On May 30, Guilford Pharmaceuticals (Baltimore, MD) announced that it has agreed to purchase the biotechnology firm Gliatech (Cleveland, OH) for about $203 million worth of shares. While neither company is floundering financially, merging their product portfolios, future product pipelines, and human resources should lead to better valuations and greater access to capital. More immediately, combined revenues from their biopolymer products will allow them to push forward a fuller neurology program, which although notoriously risky is potentially much more lucrative.

Under terms of the deal, Gliatech's shareholders will receive 1.38 Guilford shares for every Gliatech share held, and the combined company will have a market valuation of little over $500 million. Although Guilford made a loss last year of $26.9 million on a turnover of $21.6 million, it has a relatively low cash burn rate and considerable cash in hand; Gliatech only narrowly missed breaking even for the first time last year. With a combined cash reserve of $155 million, the merged company can comfortably tick over for the next four or five years.

According to Jonas Alsenas, a biotech analyst at ING Barings (New York), the two companies “fit like hand in glove”. With three products on the market and nine in clinical and pre-clinical development, the combining of their complementary areas of expertise in biopolymers and experimental treatments for neurological conditions puts them more firmly on investors' radar screens.

One of the three revenue-generating biopolymer products is Guilford's Gliadel Wafer, the only product of its kind available for the treatment of recurrent glioblastoma (an aggressive type of brain cancer); the wafer is impregnated with a cytotoxic drug and placed in the cavity created after the brain tumour is removed. The others are Gliatech's Adcon-L and Adcon-T/N, gels used to prevent tissue adhesions after lumbar surgery and peripheral nerve surgery, respectively. Gliatech expects to launch a formulation of Adcon for abdominal and gynaecological surgery (Adcon–P) later this year.

This greater presence in the market for surgical biopolymers gives them a “competitive advantage,” according to Adam Gridley, Gliatech's investor relations manager. The closest competition comes from Ridgefield, NJ-based Biomatrix, which is soon to be part of Genzyme BioSurgery and whose lead product has only just been approved to be tested in pivotal trials. In addition, Guilford's future biopolymer products, which include Gliadel and Paclimer Microspheres, a biopolymer containing paclitaxel for the treatment of breast cancer, will benefit from Gliatech's 100-strong specialty sales team.

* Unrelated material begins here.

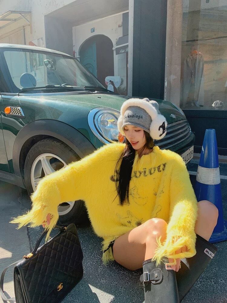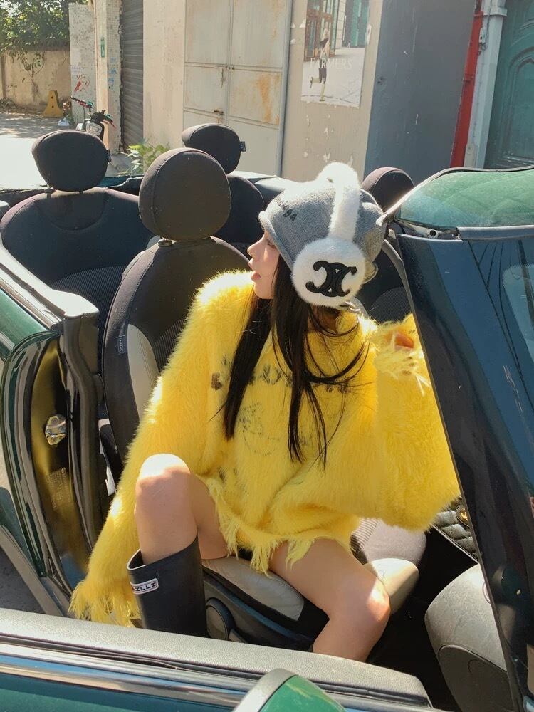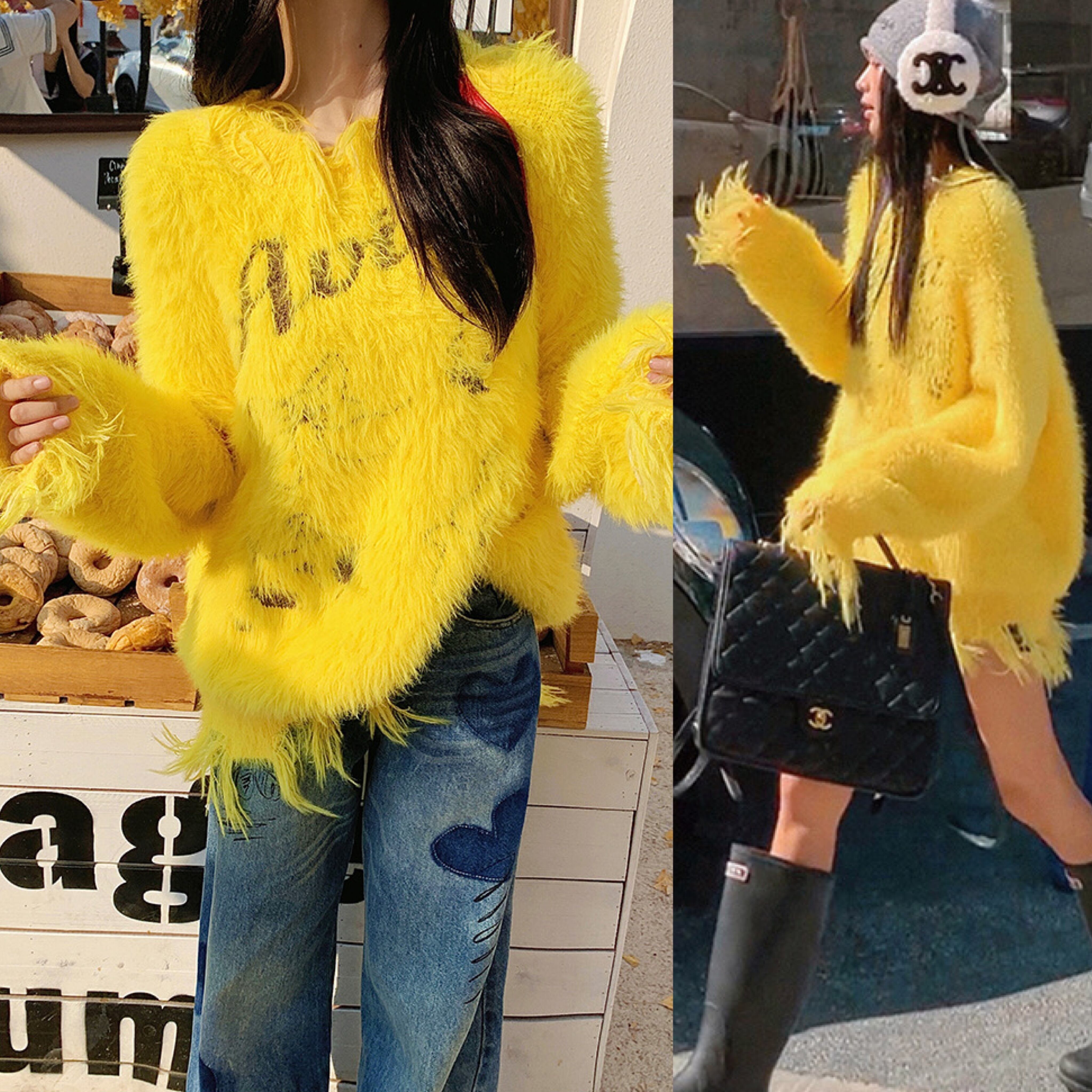 セーター 黄色 ダメージ カーディガン ニット アウター トップス ワンピース

However, the biopolymer products will never enjoy blockbuster status: Adcon generated $29 million in sales last year, but even with the best predictions—including the approval of new indications for the gel—it is unlikely to generate more than $200 million at the most. Meanwhile Gliadel last year generated sales of about $20 million, of which Guilford received only $6.8 million, the rest going to its marketing partner Aventis (Frankfurt, Germany). Even if the FDA approves the use of the Wafer for first-line therapy of glioblastomas, sales are likely to peak at $100 million–$200 million.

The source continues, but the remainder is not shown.